Task statement: From the first line to the last, restate the data exactly, leaving out the images.

Given information:
········
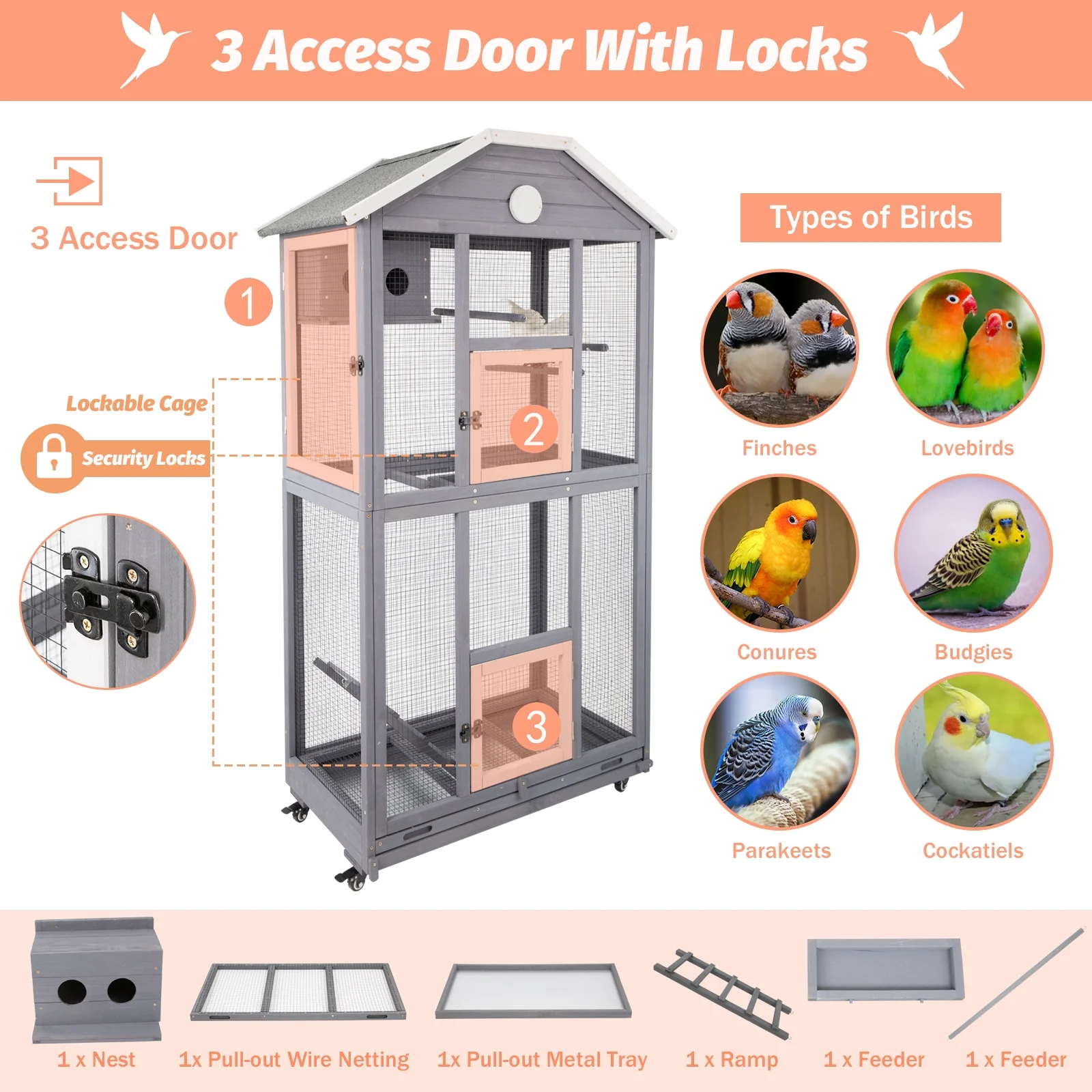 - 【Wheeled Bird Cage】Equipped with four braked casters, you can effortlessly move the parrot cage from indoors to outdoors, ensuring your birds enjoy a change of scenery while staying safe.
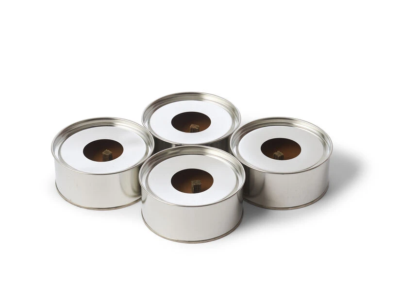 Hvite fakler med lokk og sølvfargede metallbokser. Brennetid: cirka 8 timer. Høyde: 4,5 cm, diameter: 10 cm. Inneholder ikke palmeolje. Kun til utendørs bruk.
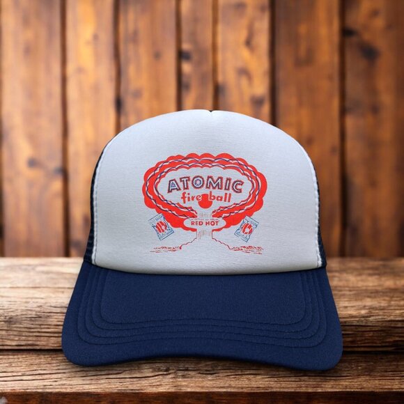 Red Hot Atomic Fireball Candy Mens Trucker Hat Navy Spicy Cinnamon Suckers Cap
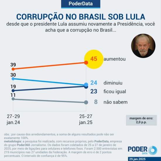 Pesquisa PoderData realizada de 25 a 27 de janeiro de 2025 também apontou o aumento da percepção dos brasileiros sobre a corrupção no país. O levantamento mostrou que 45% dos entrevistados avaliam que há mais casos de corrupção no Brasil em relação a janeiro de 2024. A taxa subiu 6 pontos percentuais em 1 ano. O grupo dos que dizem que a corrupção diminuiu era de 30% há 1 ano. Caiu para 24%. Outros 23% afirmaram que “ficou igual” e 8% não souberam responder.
········
Result:
 - 【Wheeled Bird Cage】Equipped with four braked casters, you can effortlessly move the parrot cage from indoors to outdoors, ensuring your birds enjoy a change of scenery while staying safe.
 Hvite fakler med lokk og sølvfargede metallbokser. Brennetid: cirka 8 timer. Høyde: 4,5 cm, diameter: 10 cm. Inneholder ikke palmeolje. Kun til utendørs bruk.
 Red Hot Atomic Fireball Candy Mens Trucker Hat Navy Spicy Cinnamon Suckers Cap
 Pesquisa PoderData realizada de 25 a 27 de janeiro de 2025 também apontou o aumento da percepção dos brasileiros sobre a corrupção no país. O levantamento mostrou que 45% dos entrevistados avaliam que há mais casos de corrupção no Brasil em relação a janeiro de 2024. A taxa subiu 6 pontos percentuais em 1 ano. O grupo dos que dizem que a corrupção diminuiu era de 30% há 1 ano. Caiu para 24%. Outros 23% afirmaram que “ficou igual” e 8% não souberam responder.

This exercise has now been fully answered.